Para verificar que no tenemos servicios de Kubernetes corriendo, pero SI de Docker. Si vemos puertos asociados a Kubelet o etcd, es una mala señal.
# netstat -tupln
Active Internet connections (only servers)
Proto Recv-Q Send-Q Local Address Foreign Address State PID/Program name
tcp 0 0 127.0.0.1:6010 0.0.0.0:* LISTEN 1644/sshd: root@pts
tcp 0 0 127.0.0.53:53 0.0.0.0:* LISTEN 604/systemd-resolve
tcp 0 0 0.0.0.0:22 0.0.0.0:* LISTEN 2712/sshd: /usr/sbi
tcp6 0 0 :::22 :::* LISTEN 2712/sshd: /usr/sbi
tcp6 0 0 ::1:6010 :::* LISTEN 1644/sshd: root@pts
udp 0 0 127.0.0.53:53 0.0.0.0:* 604/systemd-resolve
udp6 0 0 fe80::a00:27ff:fefe:546 :::* 602/systemd-network
Tratamos de arrancar un nuevo cluster.
# kubeadm init --apiserver-advertise-address=192.168.10.81 --pod-network-cidr=172.16.1.0/16
Pero recibimios este error :
Si al arrancarlo nos da este error “[ERROR CRI]: container runtime is not running:”
sudo rm /etc/containerd/config.toml
sudo systemctl restart containerd
Recomendamos usar equipos físicos que puedan salir a internet sin proxys, sin firewall y si corren estas máquinas virtuales en Windows, revisar firewall de windows. Durante el proceso de instalación bajan imágenes y ficheros de configuración.
En caso de errores, se puede borrar el contenido de la carpeta y relanzar el proceso.
rm /etc/kubernetes -R
Detalle de los puertos que necesitan los nodos.

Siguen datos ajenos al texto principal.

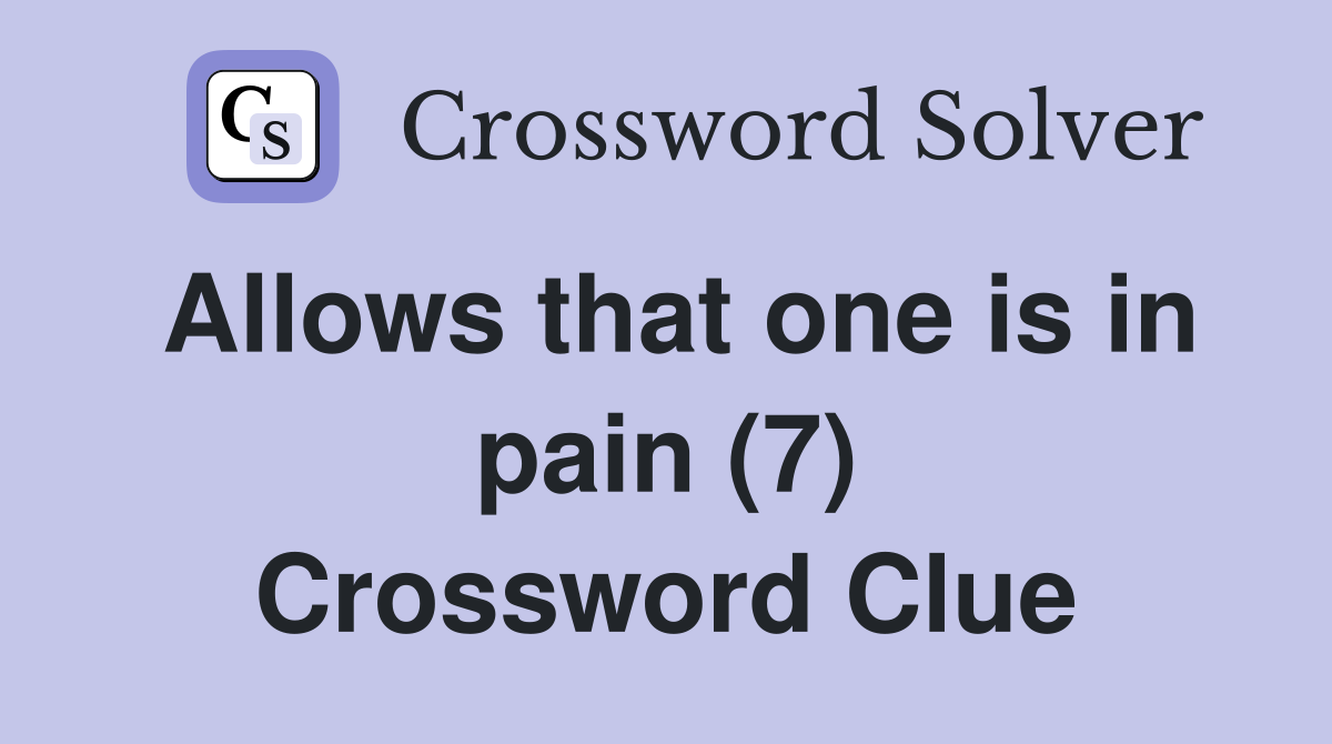 Allows that one is in pain (7) Crossword Clue Answers Crossword Solver

En caso de identificar este error, borrar el archivo de configuracion y relanzar el INIT.
# luego del init
[ERROR CRI]: container runtime is not running while kubeadm init
rm /etc/containerd/config.toml
systemctl restart containerd
Verificamos las versiones de Servidor y Cliente de Docker.
Descargamos imágenes que necesitaremos en todos los nodos.
# kubeadm config images pull
[config/images] Pulled registry.k8s.io/kube-apiserver:v1.25.3
[config/images] Pulled registry.k8s.io/kube-controller-manager:v1.25.3
[config/images] Pulled registry.k8s.io/kube-scheduler:v1.25.3
[config/images] Pulled registry.k8s.io/kube-proxy:v1.25.3
[config/images] Pulled registry.k8s.io/pause:3.8
[config/images] Pulled registry.k8s.io/etcd:3.5.4-0
[config/images] Pulled registry.k8s.io/coredns/coredns:v1.9.3
Ahora podemos arrancar el cluster.
# kubeadm init --pod-network-cidr=172.200.1.0/24
[init] Using Kubernetes version: v1.25.3
[preflight] Running pre-flight checks
[WARNING SystemVerification]: missing optional cgroups: blkio
error execution phase preflight: [preflight] Some fatal errors occurred:
[ERROR CRI]: container runtime is not running: output: E1102 20:13:30.631315 941 remote_runtime.go:948] "Status from runtime service failed" err="rpc error: code = Unimplemented desc = unknown service runtime.v1alpha2.RuntimeService"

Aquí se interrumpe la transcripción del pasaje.